(DATASET EXCERPT begins)

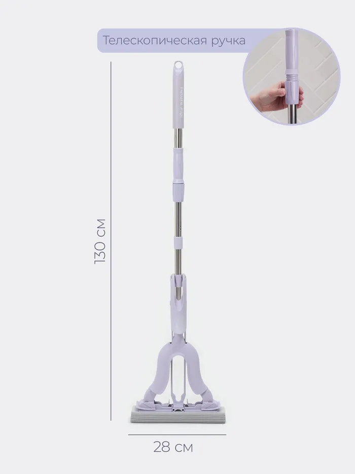 Складная швабра Future Alp с отжимом и насадкой из PVA — это удобный инструмент для быстрой и эффективной уборки. Её телескопическая ручка регулируется под рост пользователя, а складной механизм отжима упрощает процесс удаления лишней воды. Насадка из эластичного PVA обеспечивает бережное мытьё поверхностей без разводов и царапин.
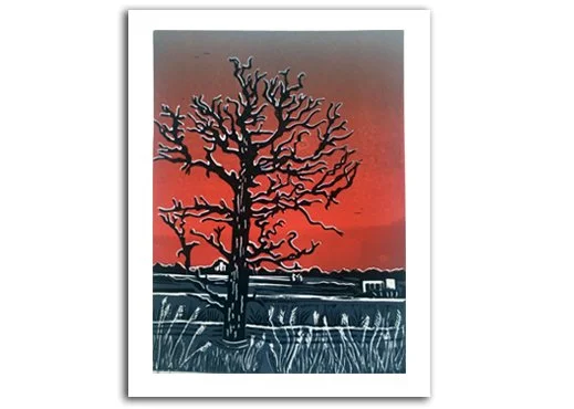 Tree in the sunrise at Abberton Reservoir. Card is 18 x 13 centimetres, supplied with envelope.
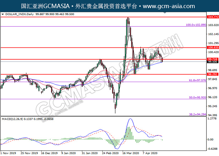 DOLLAR_INDX,Daily:美指突破后持续下行,目前测试着50均线(蓝色)。MACD仍显示空头信号,动能偏弱,若突破可关注空头走势为主。上方关99.70压力和100.85压力,下方关注98.30支撑和97.60支撑。

(DATASET EXCERPT ends)

**WORK TASK**
The required output is the listing above reproduced exactly, pictures removed.

**RESPONSE TO THIS EXERCISE**
 Складная швабра Future Alp с отжимом и насадкой из PVA — это удобный инструмент для быстрой и эффективной уборки. Её телескопическая ручка регулируется под рост пользователя, а складной механизм отжима упрощает процесс удаления лишней воды. Насадка из эластичного PVA обеспечивает бережное мытьё поверхностей без разводов и царапин.
 Tree in the sunrise at Abberton Reservoir. Card is 18 x 13 centimetres, supplied with envelope.
 DOLLAR_INDX,Daily:美指突破后持续下行,目前测试着50均线(蓝色)。MACD仍显示空头信号,动能偏弱,若突破可关注空头走势为主。上方关99.70压力和100.85压力,下方关注98.30支撑和97.60支撑。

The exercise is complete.